Sediment cores showed laminations of alternating dark and brown layers (Figure 7c) of about 1 to 0.5 mm thickness. These layers were well developed in the middle of the core and became dominantly brownish in the upper part and darker at the bottom. Each layer most likely represents the seasonal lamination characterized by contrasting conditions [38] such as an ice cover and summer storms resulting in rhythmic cycling. Sedimentation may also partially present the burial history when the lake was flooded after mining stopped in 1965. Undisturbed sediment core samples comprising of layers were analyzed using scanning electron microscopy (Figure 7c–e) which revealed a dark layer of mixtures of minerals (e.g., quartz, clay minerals) mostly originating from lignite and a bright layer consisting of Fe^III-(hydr)oxides (e.g., goethite, schwertmannite). The dark layers probably represent a high-energy environment of deposition in which water flow with a random mixture of transported material settles to the lake bottom to form a blanket over the sediments. The light-colored homogenous layers on the other hand represent a calm period during which precipitation of Fe-oxides takes place. Such calm periods could be the winter season snow when there is no overland flow.

5. Conclusions

The measured physicochemical parameters of the AMD showed stratification with a steep concentration gradient along the thermocline (thickness ~30 cm). The thermal and chemical stratification is more pronounced in the groundwater inflow side of the lake as compared to the lake outflow. Evaporative enrichment of δD and δ¹⁸O revealed longer residence times of epilimnion waters (Fe^II << Fe^III; vertical mixing) than the hypolimnion waters (Fe^II >> Fe^III; lateral flow) which are dominated by groundwater. Rainwater isotopic signatures of δD and δ¹⁸O closely match with the groundwater showing very little or no isotopic modification pointing to the relatively short residence times of the groundwater.

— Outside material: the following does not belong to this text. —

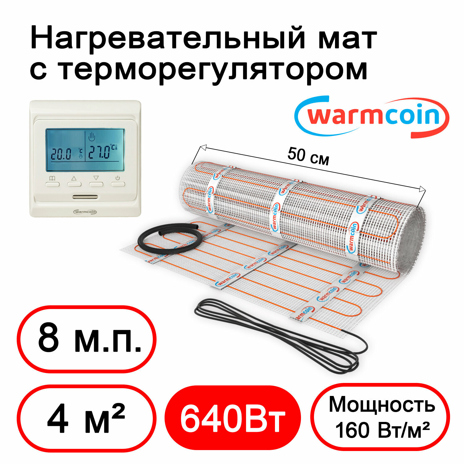 Теплый пол Warmcoin Экомат 4 м.кв. (0.5 х 8 м ) с термостатом
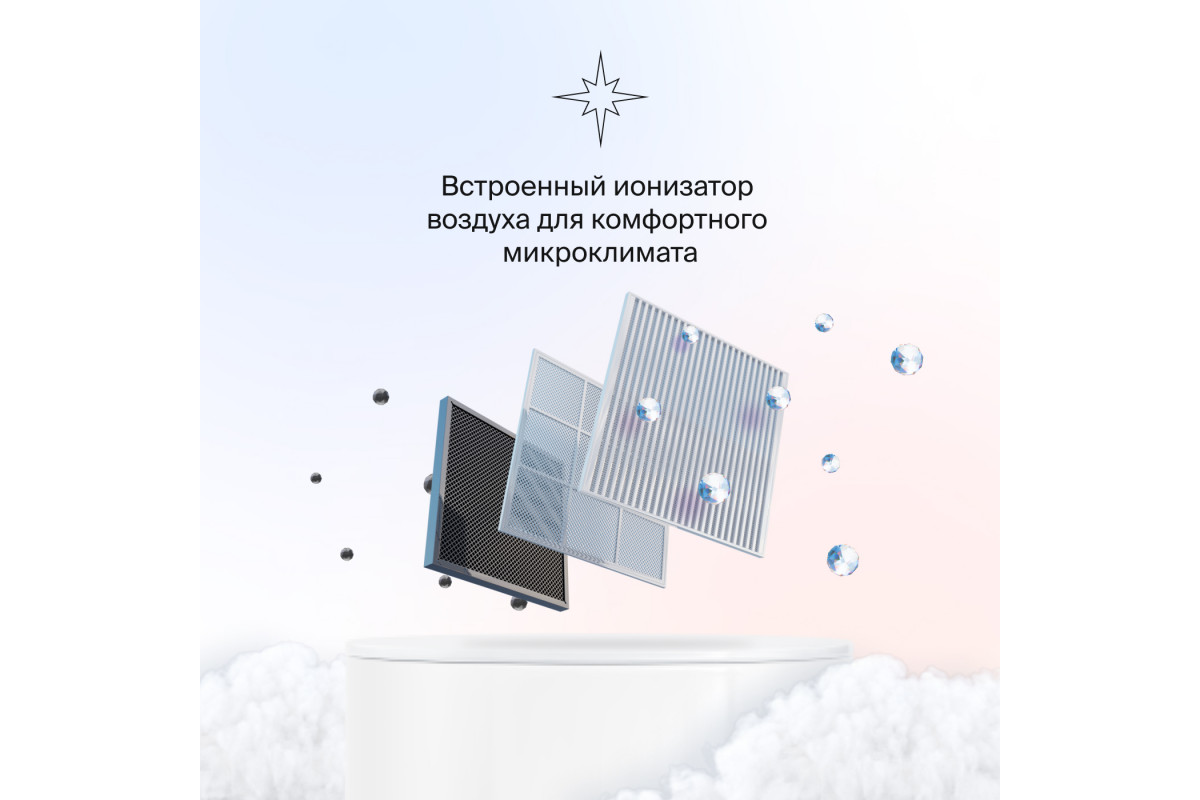 Биполярный ионизатор: циклически генерирует положительные и отрицательные ионы, создавая ионизированную среду, благотворно влияющую на самочувствие.

Under the prevailing pH-redox conditions, the dissolved load entering the lake precipitates as solid phases, dominantly as schwertmannite, converts to goethite over time. Anoxic conditions in deeper sediments promote sulfate and iron reduction that result in secondary pyrite formation and also slightly raise the porewater pH. Seasonal changes are recorded as fine laminations of alternating dark and brown layers. Both groundwater and overland flow remove clay and silt-size particles from the north (recharge side) and deposit them to the south of the lake. Lake turnover events enhance oxidation and Fe-oxyhydroxysulfate precipitation and, therefore, improve water quality during lake water outflow. Lake 77, therefore, naturally works as a mini-treatment plant. Low levels of potentially toxic elements in sediments and a high rate of schwertmannite formation, carry the potential of small-scale commercial mining. However, slight enrichment of dissolved traces and REEs is observed in the lake water as compared to the European geochemical baselines of stream waters. The most likely fate of REEs is the fixation (i.e., adsorption, absorption) as secondary minerals in the lake sediments.